Before the Great Computer Crisis of 2009, I shipped a doll version of my favourite aesthete, Oscar Wilde, off to a lovely dramaturge in Florida. I studied some of Wilde's work in my Fin-de-Siecle literature course last year, and fell in love with its beauty and abundance. In earlier writings, Wilde claimed to believe in nothing other than beauty, so it was also fascinating to see his work evolve after he was imprisoned for "gross indecency".
I also made a tiny book to accompany Oscar, in which I inscribed one of my favourite passages from Wilde's play, Salomé, based on the biblical story of John the Baptist (so suitable, as today St. Jean Baptiste day here in Quebec):
I have topazes yellow as are the eyes of tigers, and topazes that are pink as the eyes of a wood-pigeon, and green topazes that are as the eyes of cats. I have opals that burn always, with a flame that is cold as ice, opals that make sad men's minds, and are afraid of the shadows. I have onyxes like the eyeballs of a dead woman. I have moonstones that change when the moon changes, and are wan when they see the sun. I have sapphires big like eggs, and as blue as blue flowers.
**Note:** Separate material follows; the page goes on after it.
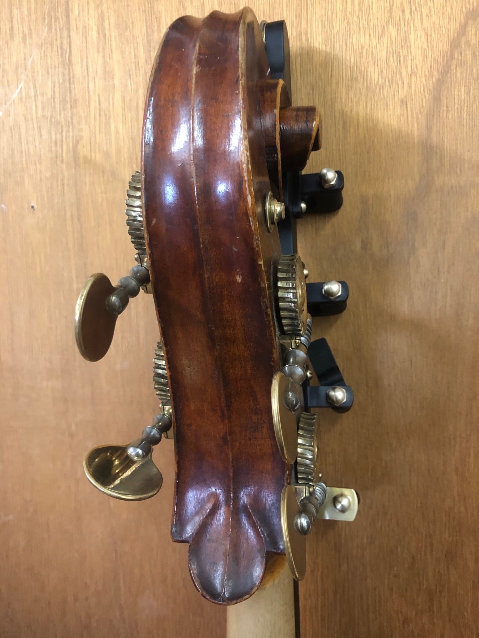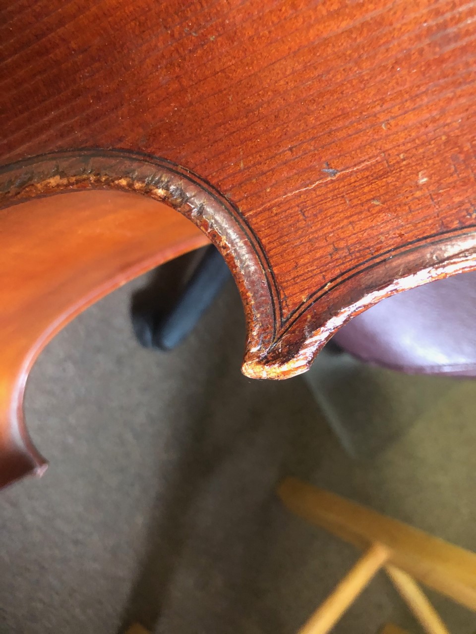 Body shots, f-holes, purfling and pegbox/button..

The sea wanders within them, and the moon comes never to trouble the blue of their waves.
I love the beauty-for-beauty's sake of his earlier works, such a Salomé but I was staggered by the sadness and intelligence of De Profundis, which he wrote from prison. It was very long letter to his lover, Alfred Lord Douglas, and was written on paper that Wilde was only allowed to keep in his cell for an hour each day. Here is a very brief excerpt:
I am a born antinomian. I am one of those who are made for exceptions, not for laws. But while I see that there is nothing wrong in what one does, I see that there is something wrong in what one becomes.